The equation of motion of a particle, where s is in meters and t is in seconds, is given by the equation below.
s = 7 t 3 - 9 t
(a) Find the velocity and acceleration as functions of t.
v(t) 21t^2-9
a(t) 42t
acceleration at t 3
126m/s
what is the acceleration when velocity is at 0?

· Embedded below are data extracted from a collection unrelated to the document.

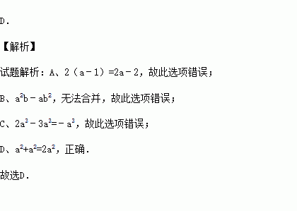 A.2(a﹣1)=2a﹣1 B.a2b﹣ab2=0 C.2a3﹣3a3=a3 D.a2+a2=2a2
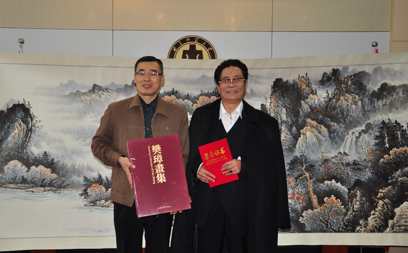 10月31日上午,知名画家樊璋先生受聘我校兼职教授,并向我校图书馆和美术学院捐赠了个人画集和绘画作品。美术学院院长李善阳向樊璋先生颁发了兼职教授聘书,图书馆副馆长王东波向樊璋先生颁发了作品收藏证书。
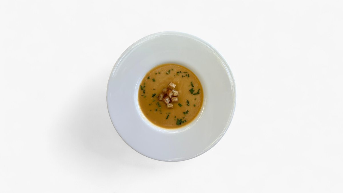 Ingrediente: Apa 250 ml, ceapa 30 g, morcov 30 g, telina 15 g, pastarnac 10 g, usturoi 10 g, cartof dulce 40 g, smantana de gatit 15 ml, sare 3 g, piper 2 g, ulei de floarea soarelui 8 ml, crutoane 40 g
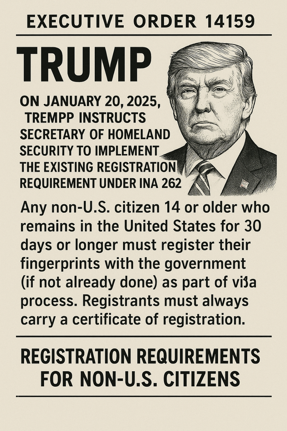 2025년 1월 20일, 트럼프 대통령은 국토안보부가 이민국적법(INA) 262조에 따라 기존 등록 요건을 시행하도록 지시하는 행정 명령 14159호를 발표했습니다. 이 법은 미국에 30일 이상 체류하는 14세 이상의 모든 비미국 시민권자는 정부에 지문 등록을 해야 합니다 (비자 절차의 일환으로 이미 하지 않은 경우). 항상 등록 증명서를 휴대해야 합니다.
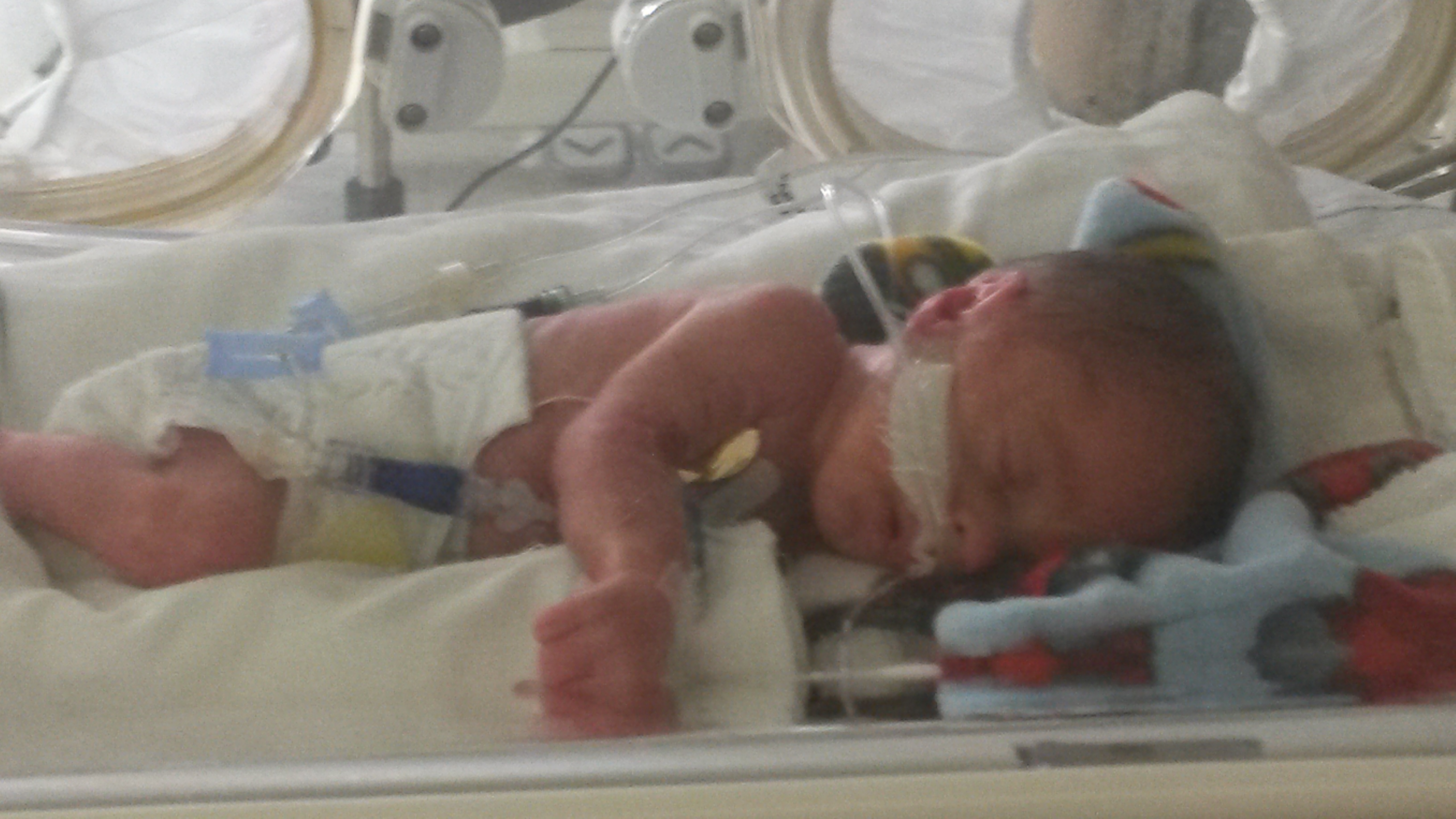 I got to see them a few hours later. Matthew who was 2lb14oz is breathing better than Timothy (2lb6oz) but neither has needed the venilator yet. They were working on him so I disnt get a pic but here is one of Matt.
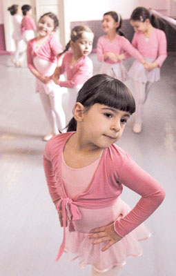 طفلة لم يتجاوز عمرها الرابعة تقوم بتمارين للباليه في مدرسة لهذه الرياضة في منطقة تبليسي بجورجيا وتضم المدرسة أكثر من مائة طفلة تراوحت أعمارهن بين أربعة وثلاثة عشر عاماً |
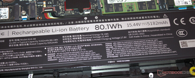 Die Akkulaufzeiten reißen niemanden vom Hocker. Hier darf von einem Gaming-Laptop mit 80-Wh-Akku (etwas) mehr erwartet werden. Immerhin: Der verbaute USB-C-Port (Thunderbolt 4) unterstützt Power Delivery (und den DP Alt-Mode). Somit müsste das wuchtige, proprietäre Netzteil nicht unbedingt mitgeführt werden.
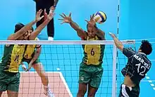 The majority of sprained ankles in volleyball occur when a player is at the net, either blocking or spiking.[3] The reason why ankle sprains occur at the net is because both blocking and spiking involve jumping and possibly of landing on an opponent's foot causing the injury. Approximately 50 percent of all sprained ankles in volleyball occur when a blocker lands on the attacking player's foot, while about 25 percent occur when a blocker lands on their own teammate's foot following a block with multiple blockers involved.[4]
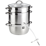 Ebenso wichtig ist es, darauf zu achten, dass alle Einzelteile nahtlos zusammenpassen, so dass während des Entsaftens weder Dampf noch Fruchtsaft entweichen kann. Dampfentsafter sind in verschiedenen Größen erhältlich und man sollte das Volumen des Geräts entsprechend der Menge von Obst oder Gemüse wählen, dass man zu entsaften gedenkt.
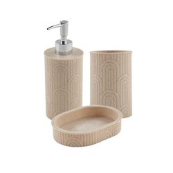 Set de salle de bain beige - RETRO - LEVASSEURCe set de salle de bain en céramique, fait partie de la gamme RETRO.Il contient un distributeur de savon, un porte savon et un porte brosse à dents.Cette gamme est conçue pour transformer vos accessoires de salle de bains en objet de décoration avec son
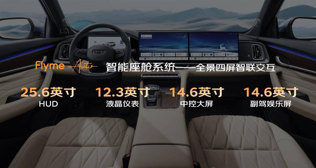 車內(nèi)用料很厚道,皮質(zhì)包裹搭配木紋飾板,多媒體中控屏與副駕駛娛樂(lè)屏組成的雙聯(lián)屏是整個(gè)內(nèi)飾的亮點(diǎn),兩塊屏幕均升級(jí)至 14.6 英寸,觀感比老款車型好很多。車機(jī)加入Flyme Auto系統(tǒng)。基于7nm高通8155芯片的算力加持,而且還提供25.6英寸全彩HUD抬頭顯示。支持全面屏手勢(shì)、一語(yǔ)即達(dá)等功能,全面兼容Flyme Link、HiCar、CarLink、CarPlay。全系標(biāo)配深度融合Deepseek大模型的AI語(yǔ)音系統(tǒng)。
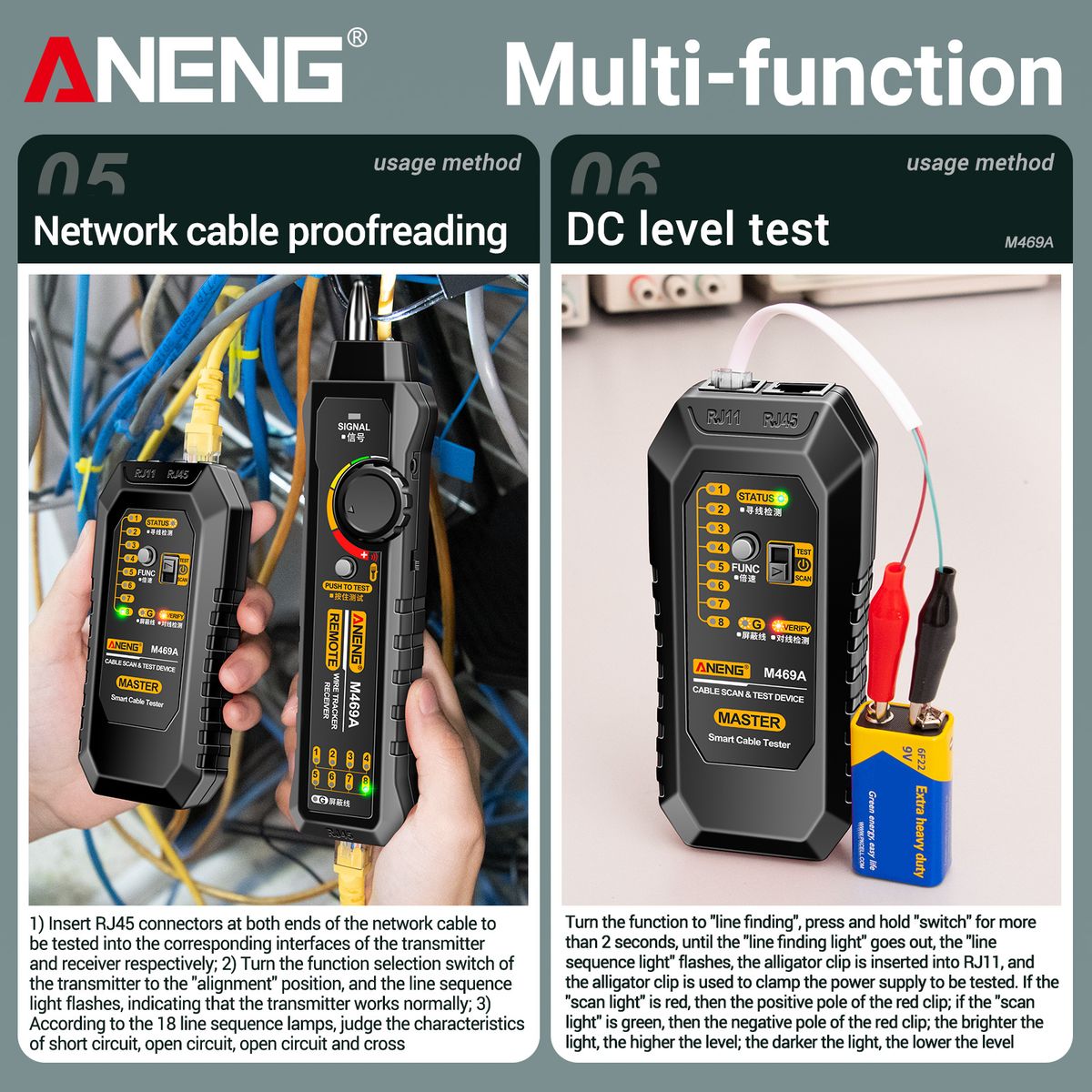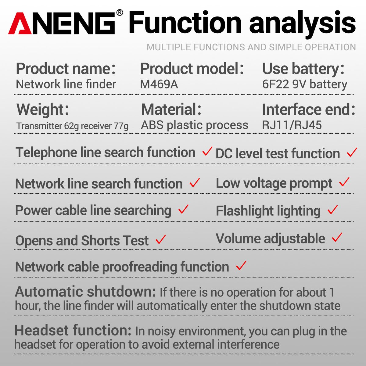 Multi-Functional: There are open circuit of short circuit testing function, telephone wire finding function, tracing cable function, level testing function ( 3~10V), network line finding function, network cable proofreading function, etc.
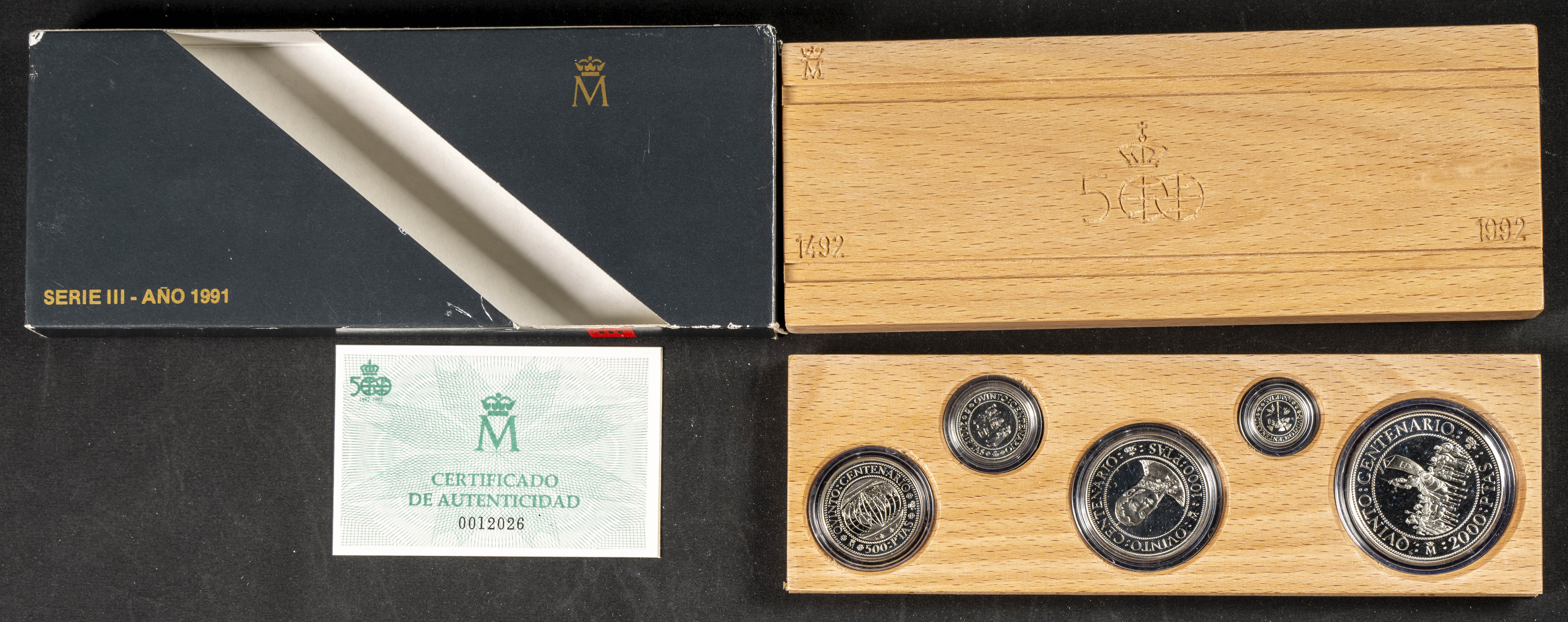 JUAN CARLOS I (1975-2014). Estuche completo compuesto por 5 monedas en plata de valores comprendidos entre 100 y 2000 Pesetas. Quinto Centenario. 1991. Serie III. FNMT. FDC Brillo. Incluye estuche original y certificado de autenticidad.

is this zerp as well? or how would I get this?
2007-09-29 15:23:37 · 4 answers · asked by m_carl 1 in Science & Mathematics ➔ Mathematics
Take the 1'st derivative to get the velocity and the 2'nd derivative to get the acceleration. After that, it's just plug 'n chug.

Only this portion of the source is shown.